Re: [PATCH] drm/sched: Fix amdgpu crash upon suspend/resume

From: Christian König
Date: Mon Jan 13 2025 - 03:32:29 EST


Am 10.01.25 um 16:10 schrieb Alex Deucher:
On Fri, Jan 10, 2025 at 9:48 AM Christian König
<christian.koenig@xxxxxxx> wrote:
Am 10.01.25 um 15:32 schrieb Philipp Reisner:
[...]
Take a look at those messages right before the crash:

Jän 10 07:58:14 ryzen9 kernel: [drm] scheduler comp_1.2.1 is not ready,
skipping
Jän 10 07:58:14 ryzen9 kernel: [drm] scheduler comp_1.3.1 is not ready,
skipping

That is basically a 100% certain confirm that an application tries to
use the device before before those compute queues are resumed.
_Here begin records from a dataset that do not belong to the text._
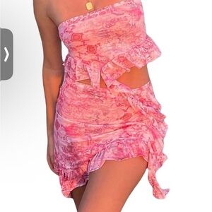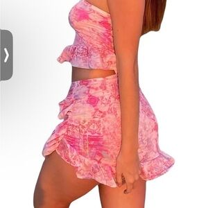Fun in the sun! Get ready to party in this chic pink strapless set with ruffle details. Perfect for summer! Size L both top and skirt Material has good stretch Never worn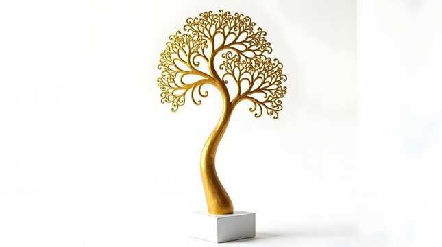 Elegant gold tree sculpture featuring intricate branches and a smooth base, symbolizing growth and harmony.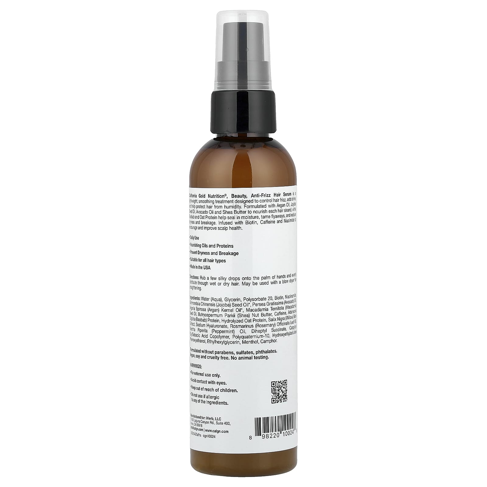 Сыворотка для волос против пушения от California Gold Nutrition® Beauty — это лёгкое разглаживающее средство, предназначенное для контроля пушения, придания блеска и защиты волос от повышенной влажности. Содержит аргановое масло, масла семян жожоба, авокадо и ши для питания каждой пряди волос, а баобаб и протеин овса помогают удерживать влагу, делают волосы более послушными, а также уменьшают сухость и ломкость. Содержит биотин, кофеин и никотинамид для улучшения здоровья кожи головы.
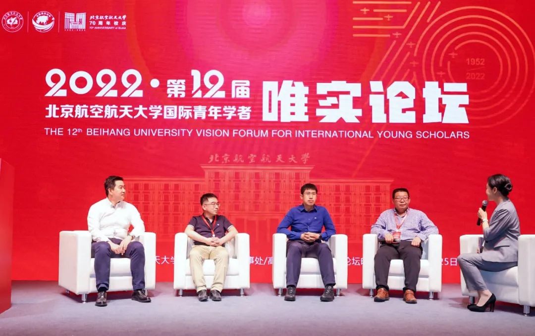 交流访谈环节,杨立军,赵巍胜,发展规划部副部长、学科建设处处长吴瑞林,优秀青年人才代表、物理学院杜轶教授介绍了学校发展规划、科研平台支持和资源保障、研究生资源、学科建设等方面的政策,分享了关于学校选择、个人发展的宝贵经验和心得体会,为参会的海内外青年学者答疑解惑、指引方向。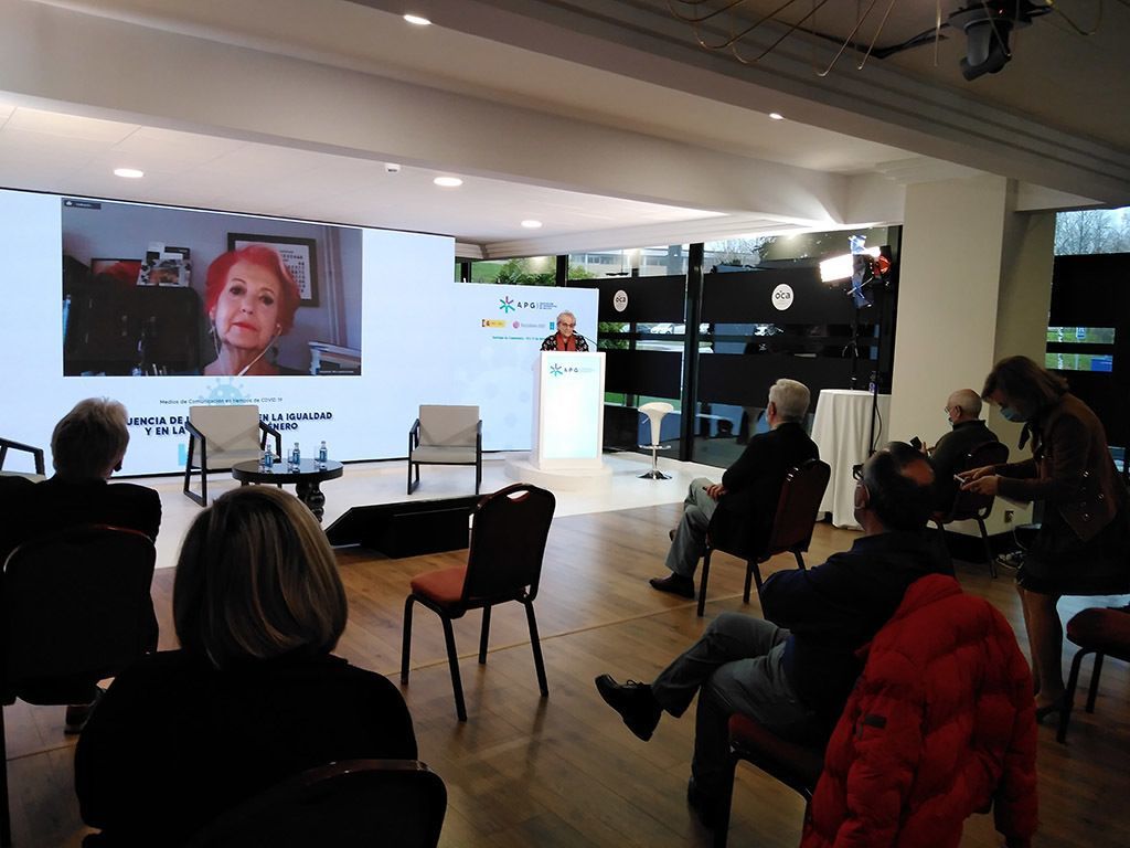 Pola súa banda, Rosa María Calaf, xornalista e excorrespondente internacional, empezou a súa conferencia afirmando que “a pandemia trastocou todo, facendo viral a vulnerabilidade, de xeito que a pandemia enferma o corpo e os dereitos”, un contexto no que se evidencia o carácter esencial do xornalismo “para contribuir á igualdade e derrubar estereotipos pola súa capacidade de crear modelos sociais, estereotipos que obedecen a un modelo social androcéntrico, que ofrece unha imaxe da muller como persoa de segunda categoría”.

Can I have a full dmesg? Maybe the resume is canceled or aborted for
some reason.

Yes, of course. I have made the files available here:
https://drive.google.com/drive/folders/1W3M3bFEl0ZVv2rnqvmbveDFZBhc84BNa
Ah! That suddenly makes much more sense.

Here is the root cause:

[111313.897796] amdgpu 0000:29:00.0: [drm:amdgpu_ring_test_helper
[amdgpu]] *ERROR* ring comp_1.1.0 test failed (-110)
[111314.135761] amdgpu 0000:29:00.0: [drm:amdgpu_ring_test_helper
[amdgpu]] *ERROR* ring comp_1.2.0 test failed (-110)
[111314.373786] amdgpu 0000:29:00.0: [drm:amdgpu_ring_test_helper
[amdgpu]] *ERROR* ring comp_1.0.1 test failed (-110)
[111314.611722] amdgpu 0000:29:00.0: [drm:amdgpu_ring_test_helper
[amdgpu]] *ERROR* ring comp_1.1.1 test failed (-110)
[111314.849647] amdgpu 0000:29:00.0: [drm:amdgpu_ring_test_helper
[amdgpu]] *ERROR* ring comp_1.2.1 test failed (-110)
[111315.087658] amdgpu 0000:29:00.0: [drm:amdgpu_ring_test_helper
[amdgpu]] *ERROR* ring comp_1.3.1 test failed (-110)
[111315.207293] [drm] UVD and UVD ENC initialized successfully.
[111315.308270] [drm] VCE initialized successfully.
[111315.447494] PM: resume devices took 2.306 seconds
[111315.447865] OOM killer enabled.

I'm surprised that this works at all. For some reason the graphics queue
works, but the compute queues fail to resume.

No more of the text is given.